While the Hollister chain continues to defend a store design that segregates customers in wheelchairs to side entrances . . .
. . . the Wet Seal clothing chain has responded to the aspirations and ingenuity of a girl with Down Syndrome by giving her a photo shoot as a Wet Seal model.
Per Disability Scoop — where I got the photo, too — after Karrie Brown started a Facebook page promoting her goal of being a Wet Seal model, the company “promised her something very special” if she could get 10,000 likes. She got over 14,000 and is now headed to California for her own photo shoot. Quoted in the Scoop:
“Karrie’s enthusiasm and passion for fashion caught our attention and has inspired all of us here at Wet Seal,” John Goodman, the company’s CEO, said in a statement. “As Karrie herself said, she loves Wet Seal because our clothes help her to “˜fit in while standing out’ and that’s something we feel passionately about for all of our customers. Wet Seal is proud to be part of Karrie’s journey and we can’t wait for her to experience all of the surprises we have in store for her.”

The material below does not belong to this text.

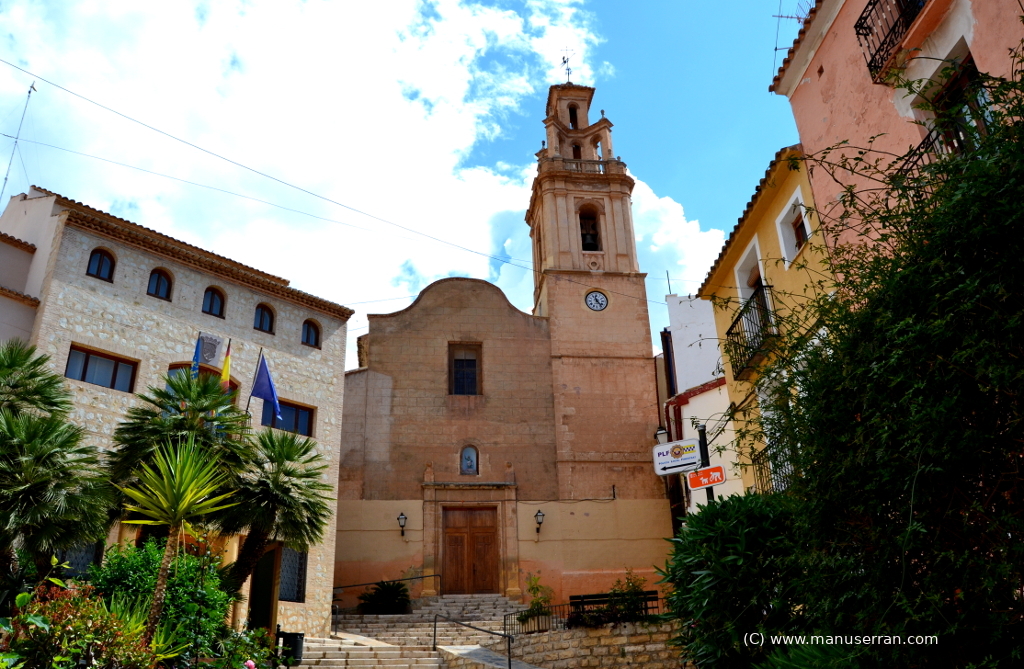 «…Finestrat o Fenestrat, es una villa de 2.700 habitantes, del arciprestazgo de Villajoyosa, que tiene la categoría de curato de ascenso de segunda, y cuyo titular es San Bartolomé Apóstol. […] En el tratado que hizo D. Jaime con el infante D. Alfonso de Castilla, el 26 de marzo de 1244, correspondió al primero la alquería de Finestrat, de la que hizo varias donaciones de tierras y casas, el 20 de julio de 1249, a Poncio Ferrer y a varios pobladores. De su castillo, del que se conservan bastantes ruinas, se apoderó el moro Alzadrach cuando se sublevó contra D. Jaime, y en 1273 lo reedificó un moro llamado Abrahin. Perteneció a Bernardo de Sarriá, de la que hizo donación al infante D. Pedro, aprobándola Jaime II en 15 de octubre de 1322, y al príncipe de Viana D. Carlos, que la vendió en 22 de octubre de 1445 a Bartolomé de Reus. Tenía el señorío, en 1609, el conde de Anna y, últimamente, el barón de Finestrat. En 1336 consta que un sacerdote decía Misa en Finestrat y otra en Relleu, los días festivos. En tiempo de Santo Tomás de Villanueva eran sus anejos Relleu y Sella. La iglesia estaba en el castillo. Teniendo el título de San Dimas y San Nicolás, y el Beato Patriarca mandó construir otra en el arrabal, pues no había ninguna, a la que debían acudir los habitantes de Cota, lugar que estaba cerca. En el castillo había entonces nueve casas de cristianos viejos, y en el arrabal 65 de moriscos. La actual iglesia se bendijo el 24 de agosto de 1751. Se celebran fiestas al titular, a San Antonio y a San Vicente Ferrer en sus días…». (2)

This is not only the right thing to do, it’s the smart thing to do. According to the Solutions Marketing Group, there are approximately 54 million people with some type of disability in the US, with $220 billion in discretionary income.
What a contrast to Hollister, eh? As MSN Money put it, noting Hollister’s recent weak sales:
Abercrombie & Fitch has been told repeatedly by the U.S. legal community to stop being such jerks to its employees and customers. That the company stubbornly refuses to do so — and instead treats its business like an audition for the “Zoolander” sequel in Michael Jeffries’ imagination — suggests it’s willing to go to its funeral dressed in a wardrobe straight out of “Jersey Shore.”
Perhaps a marketing strategy of “not being a jerk” would improve their bottom line!